## Chapter 4

## Q. 4.19

Objective: Design a JFET source-follower circuit with a specified small-signal voltage gain.

For the source-follower circuit shown in Figure 4.57, the transistor parameters are: I_{DSS} = 12 mA, V_{P} = −4 V, and λ = 0.01 V^{−1} . Determine R_{S} and I_{DQ} such that the small-signal voltage gain is at least A_{v} = v_{o}/v_{i} = 0.90.

## Step-by-Step

## Verified Solution

The small-signal equivalent circuit is shown in Figure 4.58. The output voltage is

V_{o} = g_{m} V_{gs}(R_{S} || R_{L} || r_{o})

Also

V_{i} = V_{gs} + V_{o}

or

V_{gs} = V_{i} − V_{o}

Therefore, the output voltage is

V_{o} = g_{m}(V_{i} − V_{o})(R_{S} || R_{L} || r_{o})

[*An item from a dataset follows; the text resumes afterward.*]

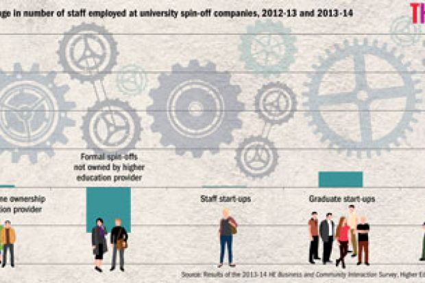The number of new formal spin-off companies fully or partly owned by universities remained flat over the same period. The number of new companies with no institutional ownership fell by a third, and employee numbers overall at such start-ups by 60 per cent.

The small-signal voltage gain becomes

A_{v} = \frac{V_{o}}{V_{i}} = \frac{g_{m} (R_{S} || R_{L} || r_{o})}{1 + g_{m}(R_{S} || R_{L} || r_{o})}

As a first approximation, assume r_{o} is sufficiently large for the effect of r_{o} to be neglected.

The transconductance is

g_{m} = \frac{2 I_{DSS}}{(−V_{P})} \left(1 − \frac{V_{GS}}{V_{P}} \right) = \frac{2(12)}{4} \left(1 − \frac{V_{GS}}{(−4)} \right)

If we pick a nominal transconductance value of g_{m} = 2 mA/V, then V_{GS} = −2.67 V and the quiescent drain current is

I_{DQ} = I_{DSS} \left(1 − \frac{V_{GS}}{V_{P}} \right)^{2} = (12) \left(1 − \frac{(−2.67)}{(−4)} \right)^{2} = 1.335 mA

The value of R_{S} is then determined from

R_{S} = \frac{−V_{GS} − (−10)}{I_{DQ}} = \frac{2.67 + 10}{1.335} = 9.49 k \Omega

Also, the value of r_{o} is

r_{o} = \frac{1}{λ I_{DQ}} = \frac{1}{(0.01)(1.335)} = 74.9 k \Omega

The small-signal voltage gain, including the effect of r_{o}, is

A_{v} = \frac{g_{m} (R_{S} || R_{L} || r_{o})}{1 + g_{m}(R_{S} || R_{L} || r_{o})} = \frac{(2)(9.49||10||74.9)}{1 + (2)(9.49||10||74.9)} = 0.902

Comment: This particular design meets the design criteria, but the solution is not unique.